Posts

LLM-based Distributed Code Generation and Cost-Efficient Execution in the Cloud

The advancement of Generative Artificial Intelligence (AI), particularly Large Language Models (LLMs), is reshaping the software industry by automating code generation. Many LLM-driven distributed processing systems rely on serial code generation constrained by predefined libraries, limiting flexibility and adaptability. While some approaches enhance performance through parallel execution or optimize edge-cloud distributed processing for specific domains, they often overlook the cost implications of deployment, restricting scalability and economic feasibility across diverse cloud environments. This paper presents DiCE-C, a system that eliminates these constraints by starting directly from a natural language query. DiCE-C dynamically identifies available tools at runtime, programmatically refines LLM prompts, and employs a stepwise approach—first generating serial code and then transforming it into distributed code. This adaptive methodology enables efficient distributed execution without dependence on specific libraries. By leveraging high-level parallelism at the Application Programming Interface (API) level and managing API execution as services within a Kubernetes-based runtime, DiCE-C reduces idle GPU time and facilitates the use of smaller, cost-effective GPU instances. Experiments with a vision-based insurance application demonstrate that DiCE-C reduces cloud operational costs by up to 72% when using smaller GPUs (A6000 and A4000 GPU machines vs. A100 GPU machine) and by 32% when using identical GPUs (A100 GPU machines). This flexible and cost-efficient approach makes DiCE-C a scalable solution for deploying LLM-generated vision applications in cloud environments.

DiCE-M: Distributed Code Generation and Execution for Marine Applications – An Edge-Cloud Approach

Edge computing has emerged as a transformative technology that reduces application latency, improves cost efficiency, enhances security, and enables large-scale deployment of applications across various domains. In environmental monitoring, systems such as MegaSense[49], use low-cost sensors to gather and process real-time air quality data through edge-cloud collaboration, highlighting the critical role of edge computing in enabling scalable, efficient solutions. Similarly, marine science increasingly requires real-time processing and analysis of marine data from remote, resource-constrained environments. In this paper, we extend the power of edge computing by integrating it with Generative Artificial Intelligence(GenAI),specifically large language models (LLMs), to address challenges in marine science applications. We propose DiCE-M (Distributed Code generation and Execution for Marine applications), a robust system that uses LLM to generate distributed code for marine applications and then utilizes a runtime to efficiently execute it on an edge+cloud computing infrastructure. Specifically, DiCE-M leverages edge computing to execute lightweight AI models locally on unmanned surface vehicles(USVs)while offloading complex tasks to the cloud, thus balancing computational load and enabling realtime monitoring in marine environments. We use marine litter identification as an example application to demonstrate the utility of DiCE-M. Our results show that DiCE-M reduces latency by more than 2X when marine litter is not detected and cuts cloud computing costs by more than half compared to traditional cloud-based approaches. By selectively cropping and transmitting relevant image portions, DiCE-M further improves bandwidth efficiency, making it a reliable and cost-effective solution for deploying AI-driven applications on resource-constrained USVs in dynamic marine environments.

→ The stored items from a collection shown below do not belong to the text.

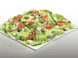 Iceberg lettuce, bell peppers, red onions, fresh roma tomatoes, green olives, green onions, feta cheese, basil, oregano, and olive oil vinaigrette or your choice of dressing.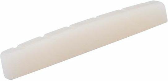 top nut for electric guitar, unbleached bone, 42,5x6,5x3x1mm, pre-filed, spacing 34,6mm Pre-filed string slots. Stringspacing 34,6mm. Flat bottom. This nut is made from unbleached bone, a long-time favourite of many luthiers. The slightly self-lubricating properties of unbleached bone as opposed to the very white bleached bone are a good reason to use this nut material. When polished, the looks of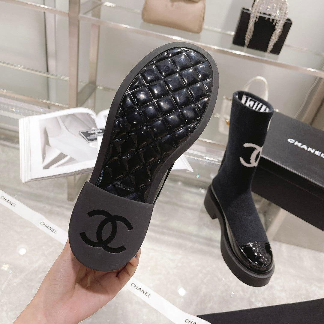 CC Short Boots 45mm Black Stretch Wool And Cowhide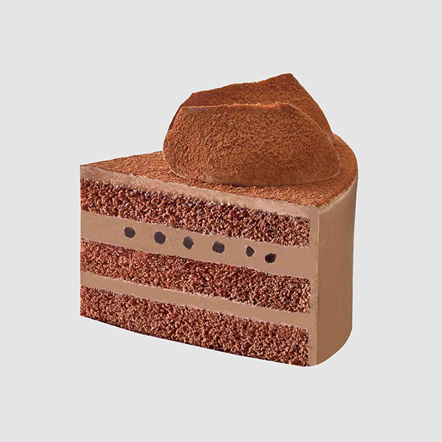 チョコチップとチョコクリームをサンドし、チョコをトッピングしたチョコづくしのクリスマスケーキです。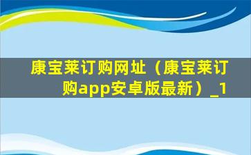 康宝莱订购网址(康宝莱订购app安卓版最新)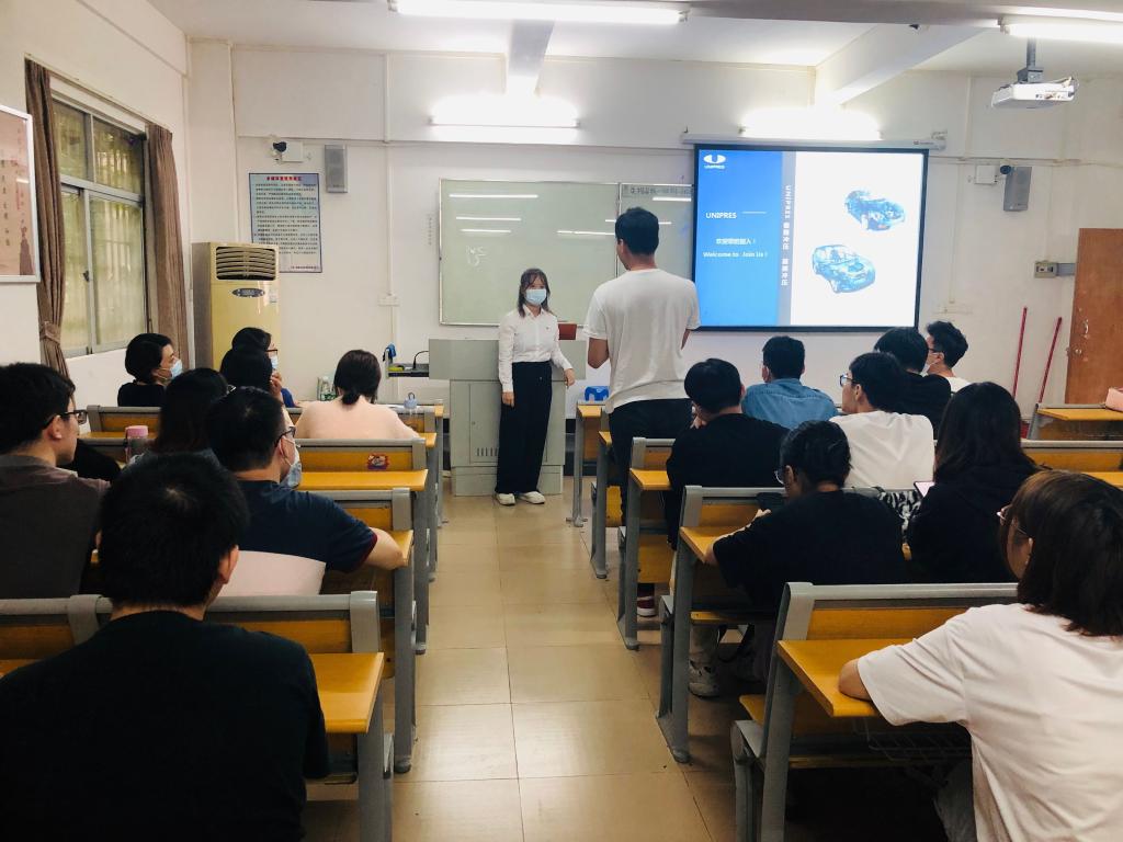 广州优尼精密有限公司(日本独资),成立于2009年11月,位于广州市花都区花港大道77号。主要生产汽车变速箱关键零部件。公司发展机制健全,薪酬体系合理。本次主要是面向18级毕业生招聘行政管理实习生。会上同学们积极与公司人员互动,就自己关心的问题进行提问。

ECO-LLM: LLM-based Edge Cloud Optimization

AI/ML techniques have been used to solve systems problems, but their applicability to customize solutions on-the-fly has been limited. Traditionally, any customization required manually changing the AI/ML model or modifying the code, configuration parameters, application settings, etc. This incurs too much time and effort, and is very painful. In this paper, we propose a novel technique using Generative Artificial Intelligence (GenAI) technology, wherein instructions can be provided in natural language and actual code to handle any customization is automatically generated, integrated and applied on-the-fly. Such capability is extremely powerful since it makes customization of application settings or solution techniques super easy. Specifically, we propose ECO-LLM (LLM-based Edge Cloud Optimization), which leverages Large Language Models (LLM) to dynamically adjust placement of application tasks across edge and cloud computing tiers, in response to changes in application workload, such that insights are delivered quickly with low cost of operation (systems problem). Our experiments with real-world video analytics applications i.e. face recognition, human attributes detection and license plate recognition show that ECO-LLM is able to automatically generate code on-the-fly and adapt placement of application tasks across edge and cloud computing tiers. We note that the trigger workload (to switch between edge and cloud) for ECO-LLM is exactly the same as the baseline (manual) and actual placement performed by ECO-LLM is only slightly different i.e. on average (across 2 days) only 1.45% difference in human attributes detection and face recognition, and 1.11% difference in license plate recognition. Although we tackle this specific systems problem in this paper, our proposed GenAI-based technique is applicable to solve other systems problems too.